Difficile de s’opposer au sacro-saint principe du « droit des peuples à disposer d’eux-mêmes ». Les Kosovars veulent être indépendants et quitter la Serbie, dont la réputation internationale est sérieusement écornée depuis la guerre de Yougoslavie et le règne de Milosevic.Les États Unis se précipitent pour reconnaître la décision unilatérale des dirigeants de Pristina. Le droit international n’a pas été franchement respecté, mais c’est pour la bonne cause, et puis on finit par s’y habituer.
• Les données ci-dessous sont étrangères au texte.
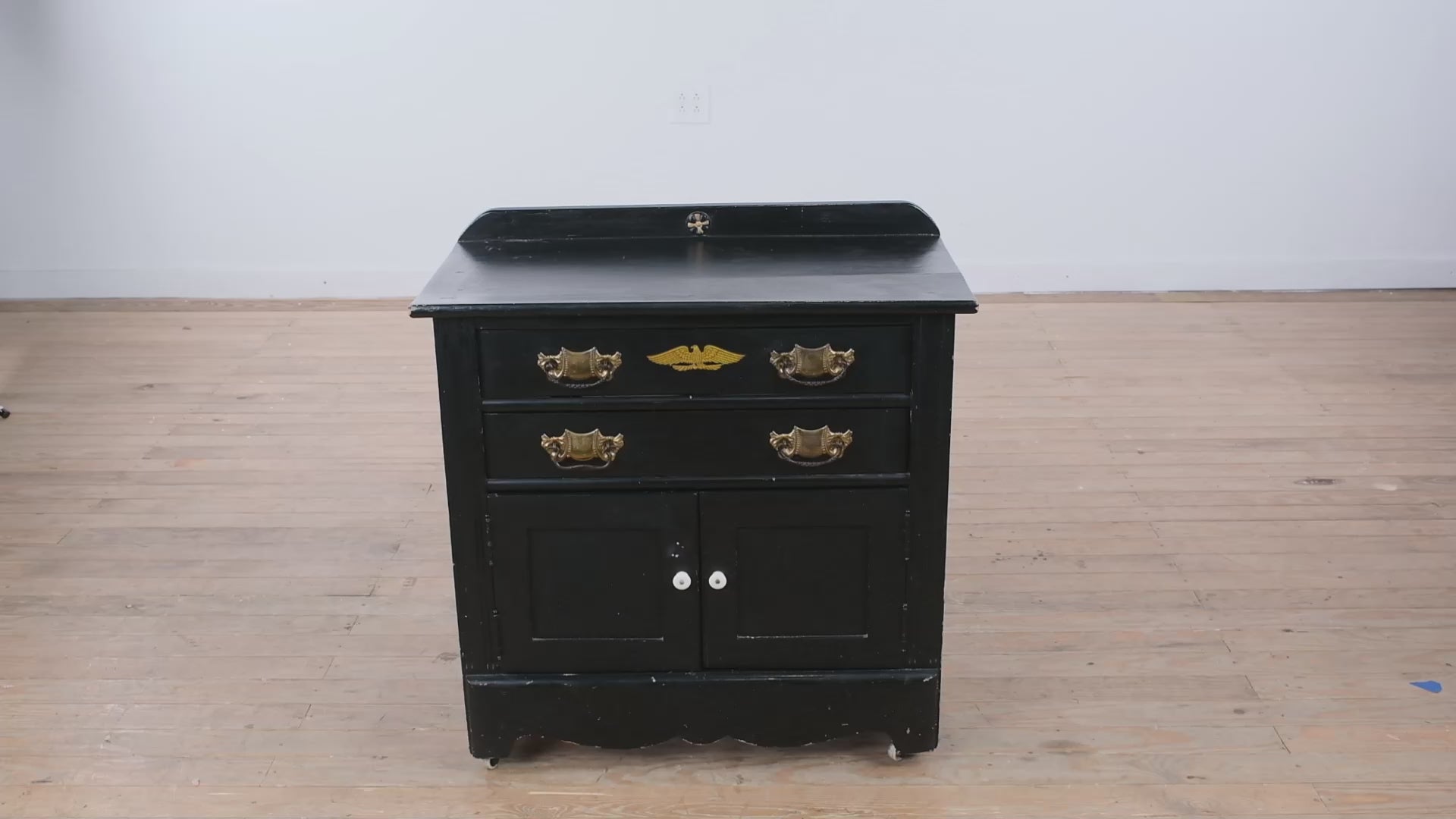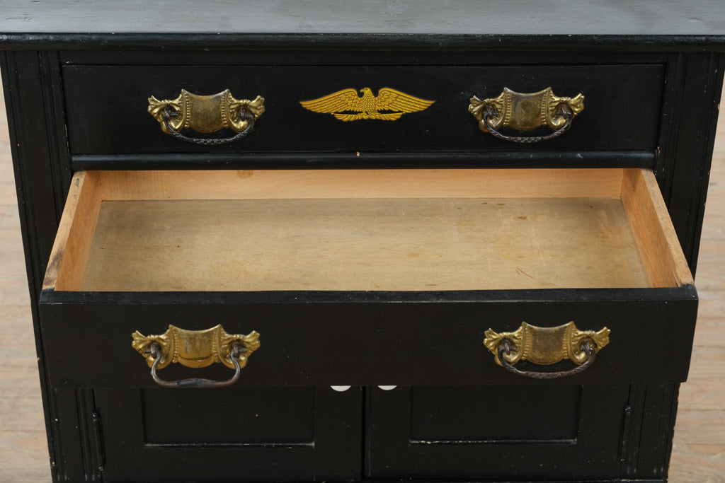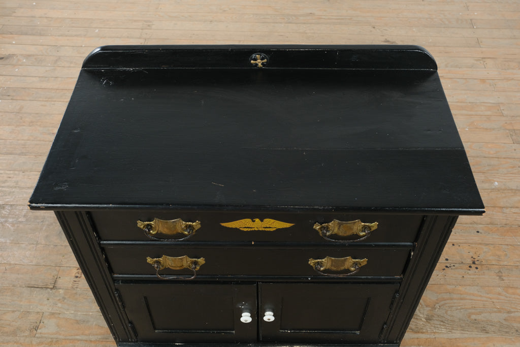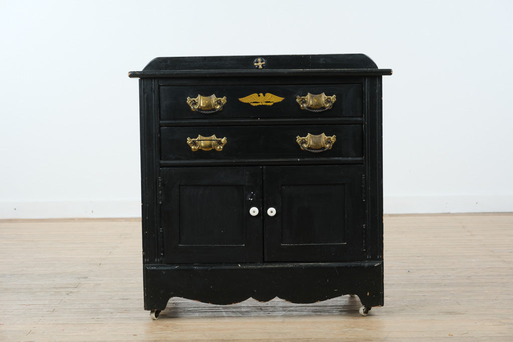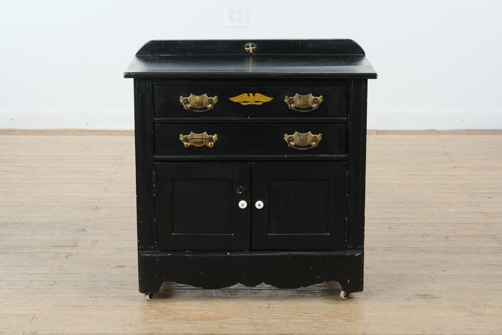 This delightful antique wash cabinet brings a touch of early farmhouse character and timeless utility to any room. Originally crafted as a washstand, it features classic paneled doors, solid wood construction, and a short backsplash along the back edge. The piece has been later painted in a deep black tone and accented with a decorative stenciled motif across the top drawer, giving it a distinctive, updated look while preserving its old-world charm.

Prévisible, la diplomatie française a emboîté le pas aux américains. Le Parlement n’est pas consulté, mais qui s’en étonne encore ?
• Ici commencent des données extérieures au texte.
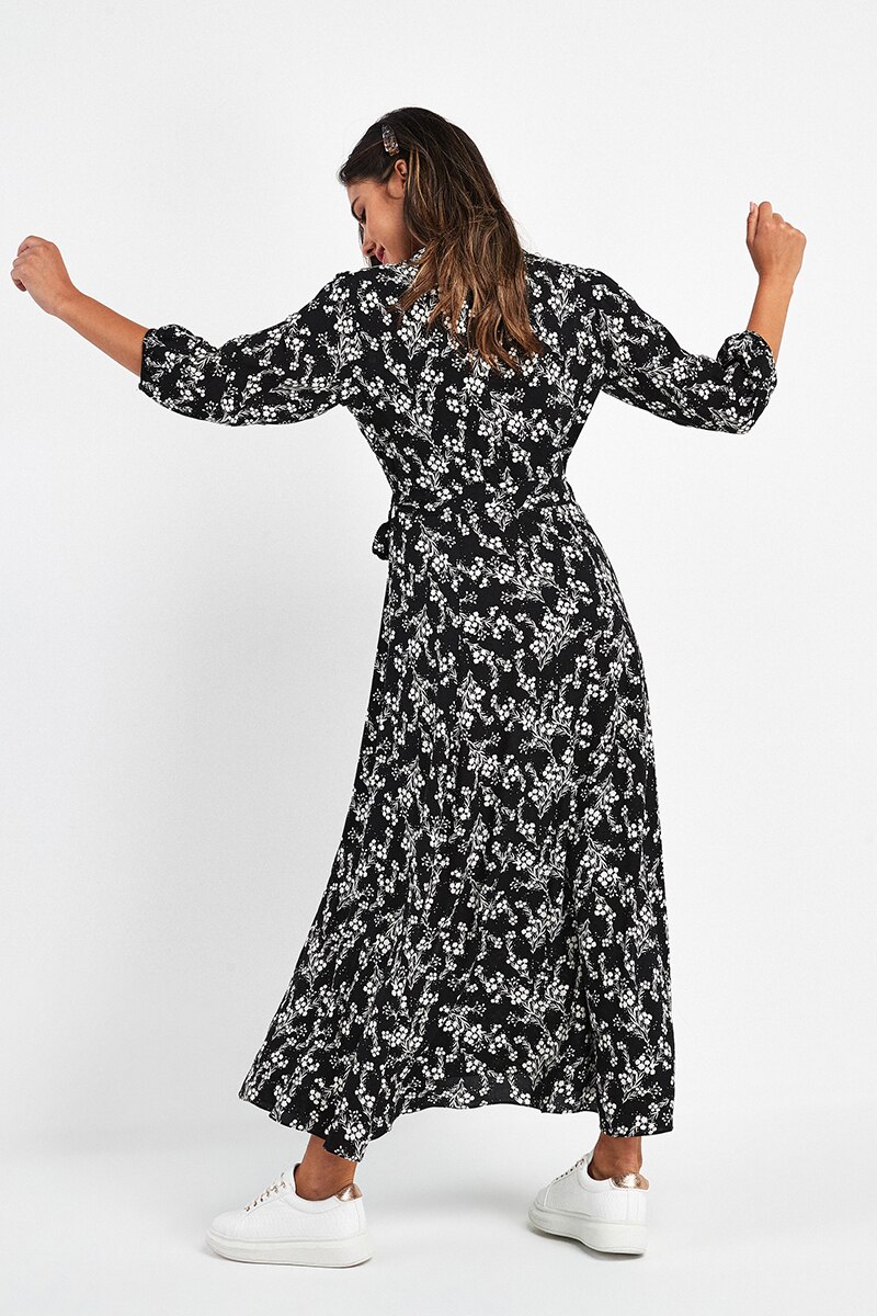 فستان ماكسي كلاسيكي بطبعة زهور للنساء بوهو بأكمام ثلاثة أرباع فستان طويل وشاحات وياقة مقلوبة فساتين غير رسمية رداء

Certes, la Russie de Poutine proteste, le gouvernement de Belgrade vitupère. La solidarité slave, c’est vieux comme le monde. Personne ne semble imaginer sérieusement que ces mauvais coucheurs iront au-delà de la simple expression du mécontentement. La Serbie entend rejoindre le paradis de l’Union Européenne, la Russie veut faire du commerce, etc… C’est le scénario optimiste : d’ici quelques semaines, tout est oublié.
Il n’est pas interdit, pourtant, d’être plus prudents. Pour paraphraser le grand Charles, dans des Balkans compliqués, rien de pire que d’arriver avec des idées simples. Les Kosovars ont eu de gain de cause : comment justifier le refus de l’indépendance revendiquée par les serbes de Bosnie? Parce que les aspirations des serbes seraient, par nature, moins respectables que celles des albanais? Parce qu’il sera moins facile d’y installer une base militaire américaine?
Jusqu’ici tout va bien. Et demain? Faudra-t-il se pencher sur les aspirations des minorités en Abkhazie? En Ossétie ? En Gagaouasie ? En Géorgie? En Bulgarie? En Roumanie?
Voilà, finalement, les seules questions qui vaillent : quand s’arrête-t-on? Où s’arrête-t-on? Faut-il encourager à l’infini le fractionnement géographique, le séparatisme, l’indépendantisme? Et croit-on que la vieille Europe sera épargnée? Si nos amis espagnols sont aujourd’hui embarrassés, c’est qu’ils savent que les basques, voire les catalans, ne manqueront pas de s’appuyer sur le précédent kosovar pour revendiquer le passage à « l’indépendance ». Qu’en pensent les flamands? Les corses?
Pour certains dirigeants de l’Union européenne, le projet est viable : plaider pour le « dépassement » des nations tout en encourageant l’expression des « nationalités ». Autant le dire : cette option n’est pas la nôtre.